Minolta's pocketable late-1990s APS compact — 22-66mm 3x zoom, 160g, auto exposure with subject modes.
The Minolta Vectis 3000 was a small compact zoom camera in Minolta's Vectis series for the Advanced Photo System, made in China in the late 1990s as the APS compact range expanded beyond the original 1996 launch models. Despite the similar name it is a different, smaller camera than the earlier Vectis 30.
Its lens is a 22-66mm 3x zoom at f/5.9-9.3, with autofocus set by half-pressing the shutter release and automatic exposure metered by a dual-segment meter over an EV 4-17 range at ISO 200. Shutter speeds run 8s to 1/500s, the flash recycles in 0.7s and reaches about 5m at wide angle with ISO 400 film, and modes include auto flash with red-eye reduction, landscape, night portrait, forced flash, self-timer and date/title imprinting. It accepts APS films from ISO 25 to 3200, works with the Vectis remote controller, weighs 160g and runs on a CR2 cell.
At 102mm wide and 160g it is a genuinely pocketable zoom compact, well suited to casual carry-everywhere snapshooting in its day; the slow lens means it leans on flash indoors, while the landscape and night-portrait modes cover the common tricky scenes without any settings knowledge.

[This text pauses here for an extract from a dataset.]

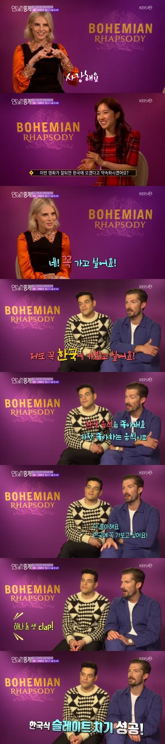 26일 오후 방송된 KBS2 '연예가중계'에서는 영화 '보헤미안 랩소디' 주인공들을 만나는 모습이 공개됐다. 이 영화는 세계적인 그룹 퀸의 이야기를 다루고 있다.
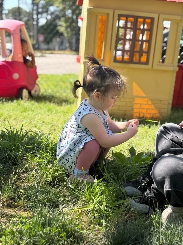 The toddlers’ classroom, for students approximately sixteen to twenty-four months, is an exciting realm with more space and equipment for opportunities to explore! Students in this class operate on a daily routine conducive to their age and development. There are several benchmarks students should reach to transition into this class: comfortable walking, napping once during the school day (directly following lunch), self-feeding, using a sippy cup instead of a bottle, and replacing the crib with a small cot. Children are exposed to student-driven and teacher-led activities as they work on language, motor skills, and peer interaction.

APS film has been discontinued since 2011, so the Vectis 3000 can only expose expired stock and many examples sell as display pieces. It is fully battery-dependent: with a fresh CR2 fitted, check the camera powers on, the zoom and motor wind run, the flash recycles quickly, and the rear LCD segments all display; also confirm the electric film door opens after rewind.